Holyrood officials have signed an eight year contract worth £13 million, to keep its windows and doors watertight. The contract also includes maintenance of lighting and electrical goods. The previous maintenance contract, which covered the first five years of the building cost £5.5 million.

Matthew Elliott, chief executive of the Taxpayers' Alliance, said the Holyrood building had been a black hole for taxpayers' money.

"There is no way a brand new building should need this level of maintenance and a more cost-effective option should be explored. This looks like a classic example of the public sector paying over the odds for contract work."

I can't understand why either. Such was the desperation of Donald Dewar and his luvvie friends to have this particular architect and design that all other aspects of the project were thrown out the window and now the taxpayer is left with a maintenance bill which could possible build a couple of decent sized schools or more. Astonishing.


Quiet_Man said...

tbh it looks like a 70's housing estate gone wrong, bit like the Byker Wall in Newcastle.

And they need protecting from terrorists? More likely their own people if they keep this up.

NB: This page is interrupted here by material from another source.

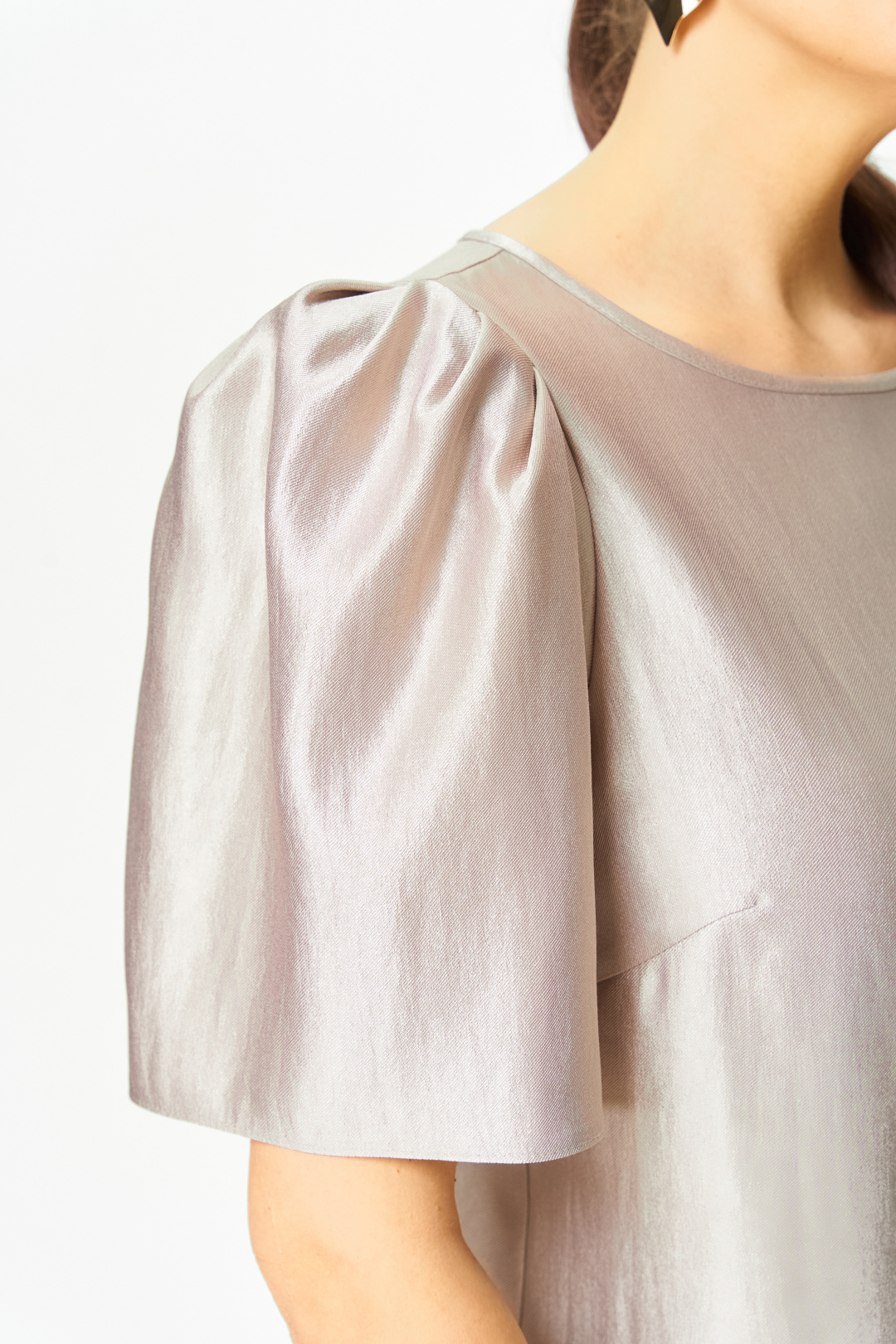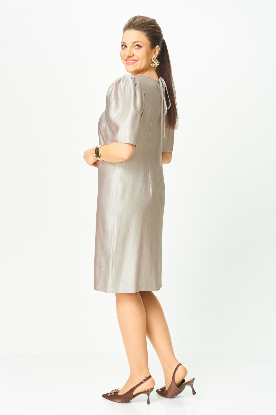 Элегантное женское платье, выполнено из плательной ткани с небольшим блеском.

Still by voting for them you're only encouraging them ;-)

Anonymous said...

Any Architect or Surveyor will tell you that the building is costly to maintain because if its unique design - its as simple as that. This easily predicted fact should have been taken into consideration as part of Dewar's decision on whether of not to proceed with it but apparently was not. From a maintenance point of view it would have made financial sense to have avoided this type of design and opted for a traditional type building instead. As evidence of this you just have to look around Edinburgh to see beautiful traditional stone built buildings that were erected 100 years or more ago, and which have stood the test of time with very little need for external maintenance. I predict that within 10 years there will be such a clamour about ever increasing and unacceptably high maintenance and repair costs for the Scots Parliament building, the Scots government of the day will be looking to re-locate elsewhere to a traditional type building.

subrosa said...

I would have thought consideration of terrorist attack should have been included in the initial spec QM, but who am I to argue with the experts.

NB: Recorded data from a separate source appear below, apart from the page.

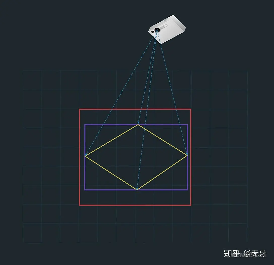 - 首先通过相机视锥与 XOZ 平面的交点算出视窗的梯形范围,也是可视区域。
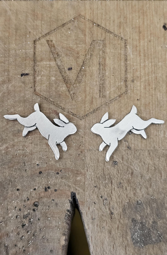 Silver rabbit/hare earrings, handmade layered oxidised silver. Spring or Easter themed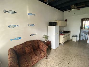 Our properties include four, two-bedroom apartments and a one-bedroom cabin – each is simple with a small living room, porch or balcony, bathroom and kitchen equipped with the basics. The Property is one of the few in the area with a yard and just steps from the shore of Aguada, on the west coast of Puerto Rico. Please note that they are cooled with fans, no A/C, just the ocean breeze. We do have WiFi, however, no phone or TV.

Your last sentence is true right enough but what else can we do?

subrosa said...

Modern architects think the building is wonderful M. I did a wee poll the other month and it came out 50/50 about the design.

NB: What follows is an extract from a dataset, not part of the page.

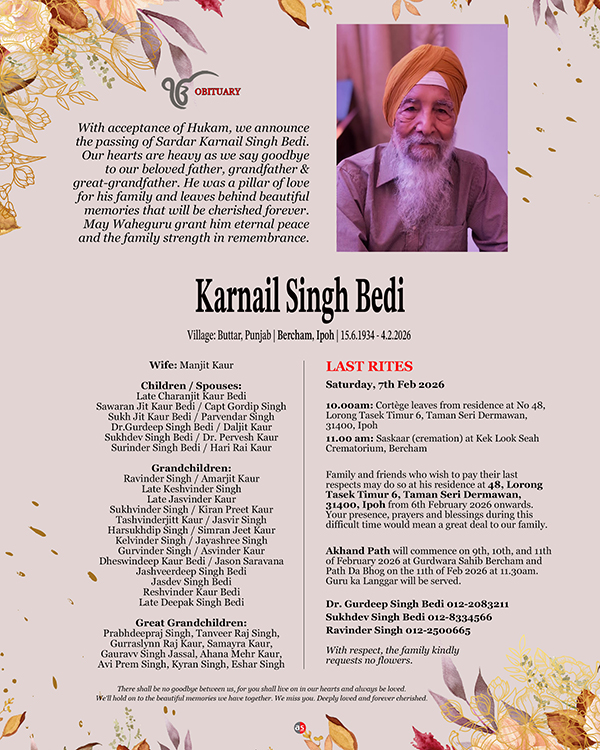 Family and friends who wish to pay their last respects may do so at his residence at 48, Lorong Tasek Timur 6, Taman Seri Dermawan, 31400, Ipoh from 6th February 2026 onwards. Your presence, prayers and blessings during this difficult time would mean a great deal to our family.

Indeed I would have much preferred a traditional build for a parliament. Scottish architecture may be rather uninspiring but it has a certain look of solidness and dignity that I think the present parliament lacks.

Dramfineday said...

Yes, Saint Dewar what was the first estimate he gave? £30million? Another load of tosh...

subrosa said...

Wasn't it £40million Dram? That kind of rings a bell with me. They didn't mention it would cost nearly £20 million to maintain it for the first 13 years. (£5.5m for the first five and £13m for the next eight).

Grogipher said...

The £40m estimate was to turn the Old Royal High School into a debating Chamber - no more, no less.

The complex at the foot of the Mile is far more than that - it includes all of the offices for the MSPs, the Ministers, their Civil Servants as well as the army of folk who keep the place running - there's as much of the building underground as there is above!

The original estimate was something like £250m - so yes, it was double the estimate given for various reasons (increased security post 11/09/01, the death of the architect, the state Queensbury House was in, the uselessness of the Scottish Office....)

There's a darned big difference between 2x and 10x though.

Portcullis House was more overbudget, and yet no one even knows what it is on the street. It's just the media playing to the Scottish cringe, and I'm sad to see it take a hold here....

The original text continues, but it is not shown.